Each of those five friends, in turn, were enouraged to contact five friends apiece and ask them to donate $5, and so on, until $10 million was raised.

The fund-raising campaign was originally scheduled to last for 10 days, but it has been extended because only $60,000 was raised, according to Dungan's latest Internet posting.

Donations can be made on-line to the nonprofit Children's Neuroblastoma Cancer Foundation (CNCF), at www.cncf-childcancer.org, or by mail to CNCF, at P.O. Box 6635, Bloomington, IL 60108. Donations are tax-deductible.

Prayers for Vinny

Vince, Traci and Congdon credit the North Queen Anne Day Care for supporting them since Vinny got sick.

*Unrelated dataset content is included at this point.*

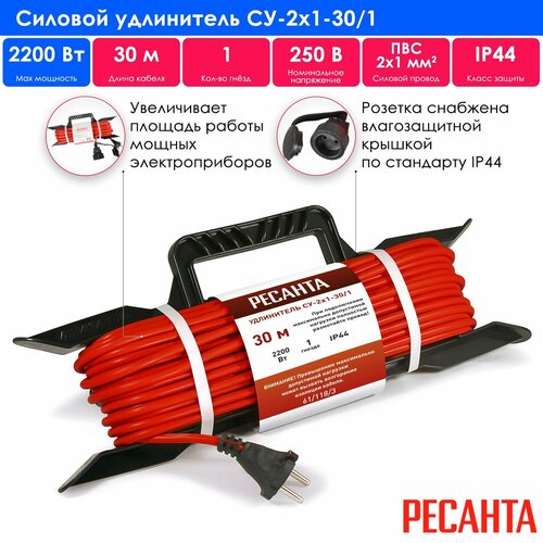 Удлинитель силовой на раме, СУ-2х1-30/1 (IP44) Ресанта

Both Vinny and his brother were attending the day care connected to the First Free Methodist Church when Vinny was diagnosed with neuroblastoma, Congdon said.

A parent at the day care helped the family set up their own website, at www.prayingforvinny.org, she added, and the website has a schedule people can sign up on to pray for the child.

Lois Overholt, director of the day care, said the First Free Methodist Church doesn't have a prayer schedule for Vinny, but that doesn't mean the day care and the church congregation haven't done their part.

"I know he was on a prayer list for [day care] staff," she said.

The church also has a prayer chain that included the child, Overholt added: "Vinny was prayed for several times."

Vinny's day-care teacher, Negist Geberesadik, said she prays for the boy day and night.

Originally from Ethiopia, Geberesadik was one of the first people to notice that something was wrong with Vinny, she said.

Congdon said that the Philadelphia Church in Ballard also took part in the prayer circles for her grandson, and Overholt and Geberesadik have no doubt that prayer made a difference in the child's case.

"I just think it's a miracle," Overholt said of Vinny's recovery.

Geberesadik agrees. "I believe God answered our prayers," she said.

Both Traci and Vince said they are grateful for all the prayers, but the couple is taking things one day at a time.

"The biggest fear is a relapse," Traci said of a development that means Vinny would have only a 17 percent chance of survival. "That's the hardest part."